Lissek, T., Obenhaus, H. A., Ditzel, D. A. W., Nagai, T., Miyawaki, A., Sprengel, R., et al. (2016). General anesthetic conditions induce network synchrony and disrupt sensory processing in the cortex. Frontiers in Cellular Neuroscience, 10: 64, pp. 1-14. doi:10.3389/fncel.2016.00064.


Cite as: http://hdl.handle.net/11858/00-001M-0000-002A-3487-E
Abstract
General anesthetics are commonly used in animal models to study how sensory signals are represented in the brain. Here, we used two-photon (2P) calcium activity imaging with cellular resolution to investigate how neuronal activity in layer 2/3 of the mouse barrel cortex is modified under the influence of different concentrations of chemically distinct general anesthetics.
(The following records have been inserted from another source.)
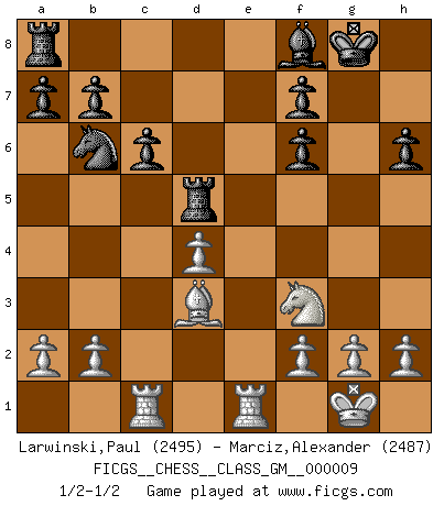 Last move : 1/2-1/2 2022 January 8 7:42:5 [Event "FICGS__CHESS__CLASS_GM__000009"] [Site "FICGS"] [Date "2021.11.21"] [Round "1"] [White "Larwinski,Paul"] [Black "Marciz,Alexander"] [Result "1/2-1/2"] [WhiteElo "2495"] [BlackElo "2487"] 1.d4 d5 2.c4 c6 3.Nf3 Nf6 4.Nc3 e6 5.Bg5 h6 6.Bxf6 Qxf6 7.e3 Nd7 8.Be2 Be7 9.O-O O-O 10.Rc1 Rd8 11.Re1 Bf8 12.cxd5 exd5 13.e4 dxe4 14.Nxe4 Qf4 15.Bd3 Nb6 16.Bb1 Bg4 17.Qc2 Bf5 18.Nf6+ gxf6 19.Qxf5 Qxf5 20.Bxf5 Rd5 21.Bd3 1/2-1/2 QGD Slav : 4.Nc3 Kingside Castling by player White (move 9) Kingside Castling by player Black (move 9) This chess game ended in a draw. Follow this game move after move (download)Tactics flow from a superior position. (Bobby Fischer) Schach ist gnadenlos. Du mußt bereit sein zu töten. (Nigel Short) El Ajedrez es en su esencia, un juego. En su forma, un arte. Y en su ejecución, una ciencia. (Baron Tassilo) Un millionnaire : 'Monsieur Steinitz ! Vous ne participez aux tournois que pour l'argent, alors que moi je n'y viens que pour l'honneur.' Steinitz : 'Chacun joue pour ce qu'il n'a pas'... Sometimes it pays to stay in bed in Monday, rather than spending the rest of the week debugging Monday's code. (Dan Salomon)
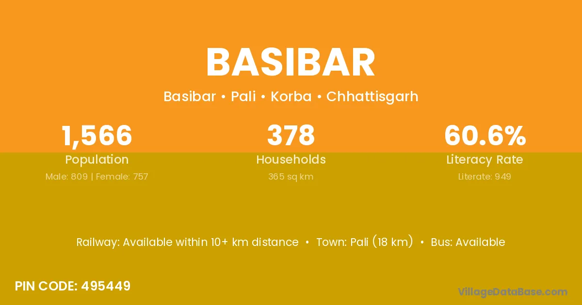 Basibar village is located in the Pali Tehsil of the Korba district in Chhattisgarh .
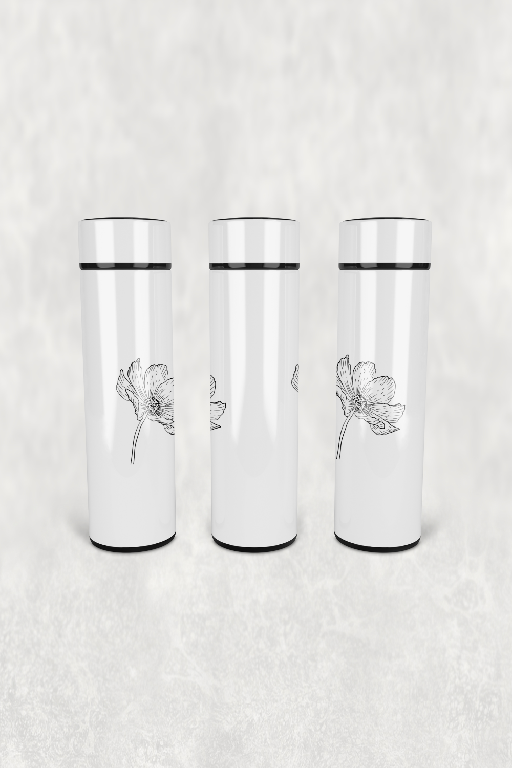 Zarif Gelincik Çiçek Led Derece Göstergeli Paslanmaz Çelik Termos 500 ML

Our results show that a high isoflurane dose induces synchrony in local neuronal networks and these cortical activity patterns closely resemble those observed in EEG recordings under deep anesthesia. Moreover, ketamine and urethane also induced similar activity patterns. While investigating the effects of deep isoflurane anesthesia on whisker and auditory evoked responses in the barrel cortex, we found that dedicated spatial regions for sensory signal processing become disrupted. We propose that our isoflurane-2P imaging paradigm can serve as an attractive model system to dissect cellular and molecular mechanisms that induce the anesthetic state, and it might also provide important insight into sleep-like brain states and consciousness.